Wolfgang had no involvement with the socialist movement before 1914, but revulsion against the war soon brought him in contact with the small group of radical socialists around Rosa Luxemburg and Karl Liebknecht. This was facilitated by the friendship between his wife’s family and Mathilde Jacob, who in late 1913 had become Rosa Luxemburg’s secretary, personal assistant, and soon intimate friend.

Wolfgang’s father Eugen Fernbach kept for over half a century a “family chronicle” in which he recorded both events in the life of his family and his reflections on the world around him.[1] Though far from sharing his son’s radical views, he recorded what he knew of Wolfgang’s illegal activity for the group that first called itself the Internationale group, later the Spartakusbund (Spartacus League), and would form the nucleus of the German Communist Party at the end of 1918.

It was only in the course of 1915 that the new group managed to organize illegal work, producing first leaflets, then Rosa Luxemburg’s famous “Junius pamphlet”, and from 1916 an occasional newspaper, the Spartakus-Briefe. Despite fragile health, Wolfgang was unable to avoid military service, and was posted to Halle with a medical unit. When his parents visited him there in November 1915, writes Eugen, “I found with him a lot of anti-war and radical-socialist propaganda material which was secretly distributed; this was doubly dangerous for a serving soldier, which of course worried me greatly. But there was no way of shifting him either from his political convictions or his propaganda activity.”

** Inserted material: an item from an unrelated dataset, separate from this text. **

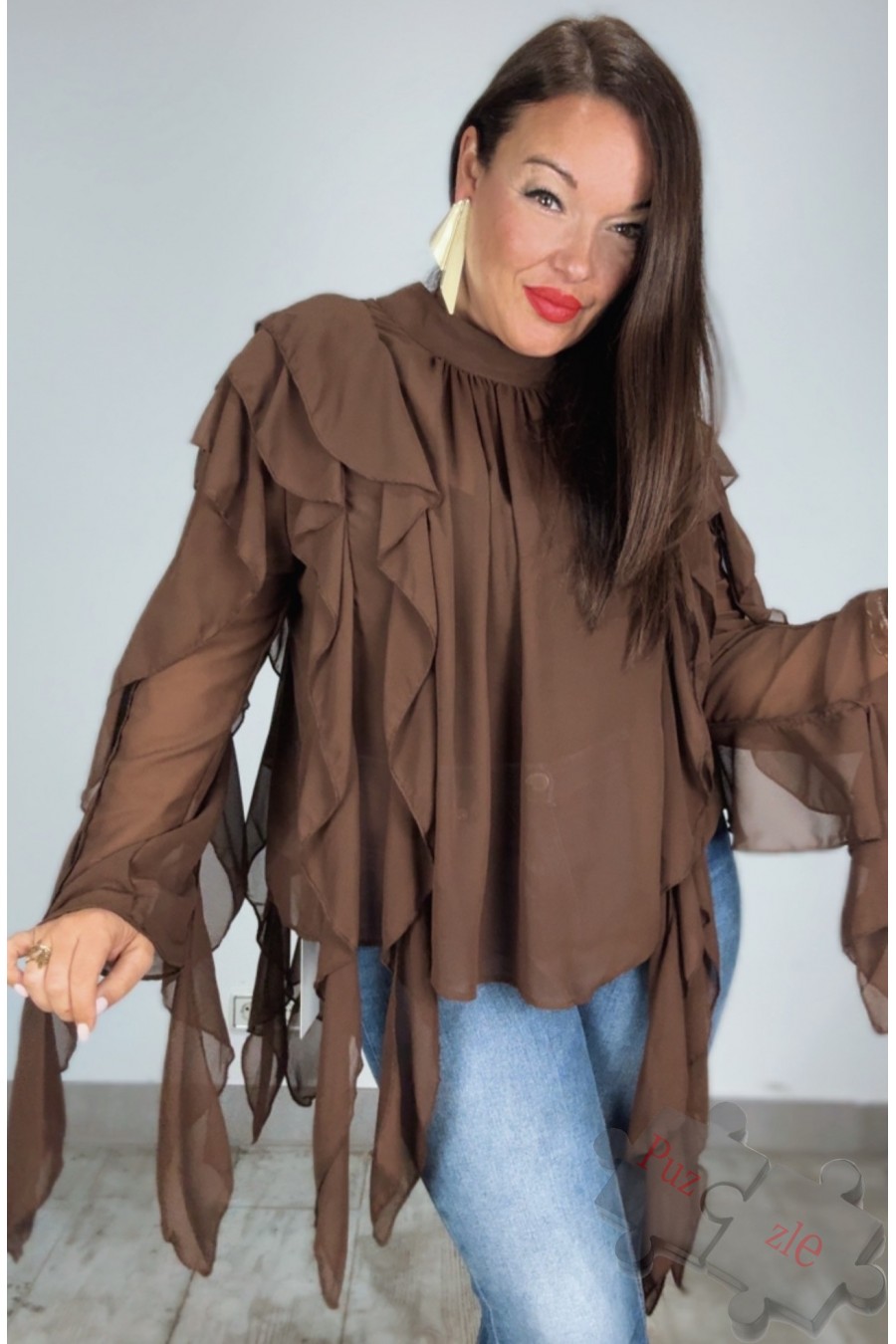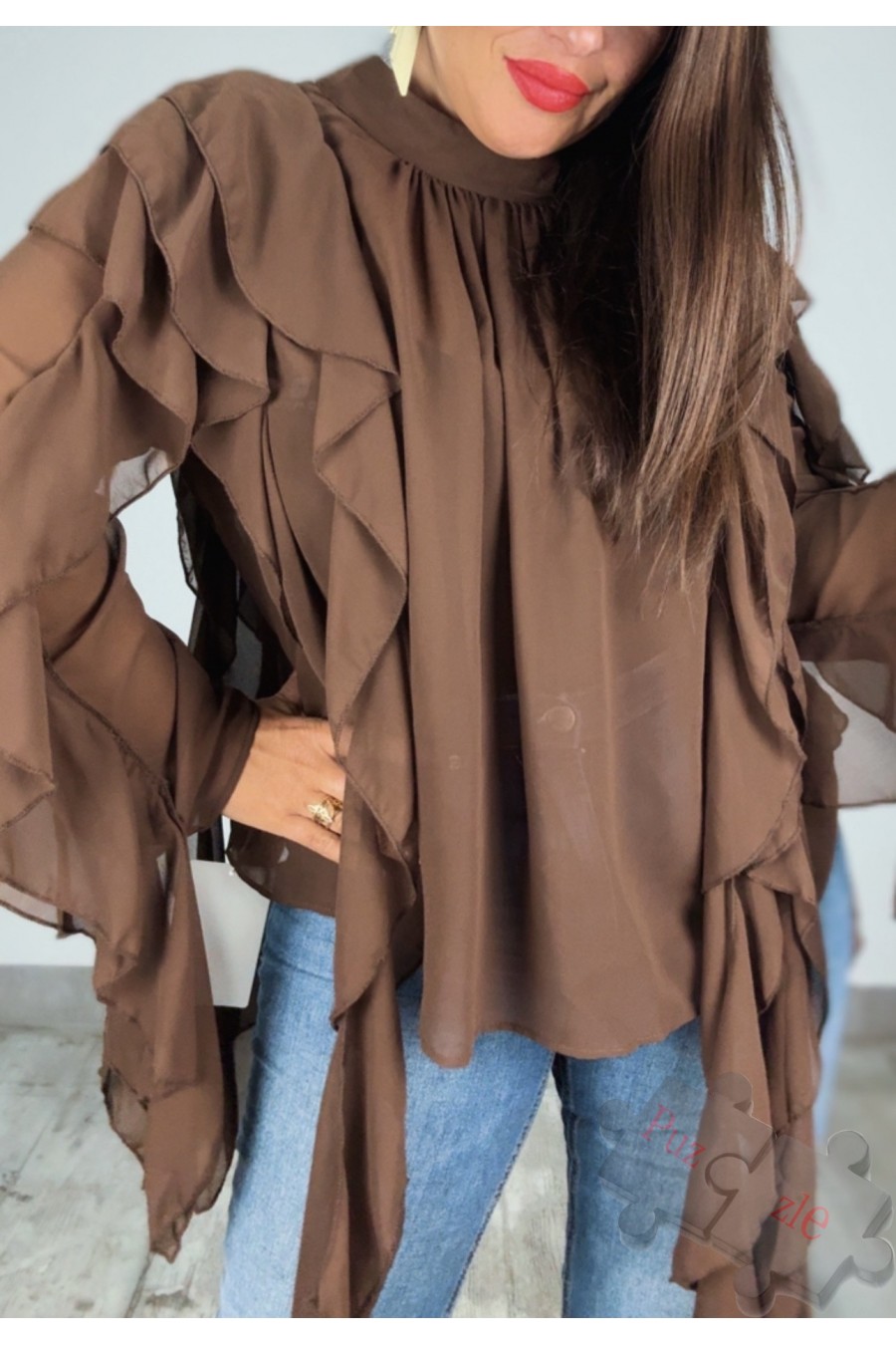 Camisa de gasa con volantes, disponible en talla única

Wolfgang managed to get discharged from the army after nine months, and was back in Berlin from May 1916. On 1 May, the Spartacists had called a public demonstration, and though this was quickly repressed, it helped kindle a first wave of workers’ strikes against the war. Wolfgang had proved his dedication to the cause, and was now called on to help in a more central role than distributing leaflets. We have evidence for this again from his father Eugen: “He arranged the printing of the Lichnowsky paper about the causes of the war as well as of the Junius pamphlet... He gave me the former to read in proof.”

In later years, Mathilde Jacob wrote a book-length memoir under the title “Rosa Luxemburg and Her Friends in War and Revolution”.[2] This is an important source on the work of the Spartacus group during the war, and on the early months of the German Communist Party. And it also supplements what Wolfgang’s father wrote about his son’s involvement. The first time that Wolfgang appears here is in connection with the Spartakus-Briefe, which had been edited by Ernst Meyer until his health forced him temporarily to withdraw. The illegal work of Spartakus was coordinated by Leo Jogiches, who had been Rosa Luxemburg’s early mentor and partner, and was greatly respected by the younger generation of Spartakus activists. As Mathilde writes, “Leo Jogiches recommended handing the editing of the Spartakus-Briefe to Wolfgang Fernbach, a young and highly talented friend of ours who had worked with great selflessness during the war. I was to keep secretly in touch with Leo Jogiches over the precise selection of articles.” In the event, Paul Levi, certainly more experienced than Wolfgang, moved from Frankfurt to Berlin to take on this responsibility. But it is clear that Wolfgang by this point worked closely with the Spartakus inner circle. He may himself have written for the Spartakus-Briefe, but all contributions were anonymous and in most cases there is no way of telling their authorship.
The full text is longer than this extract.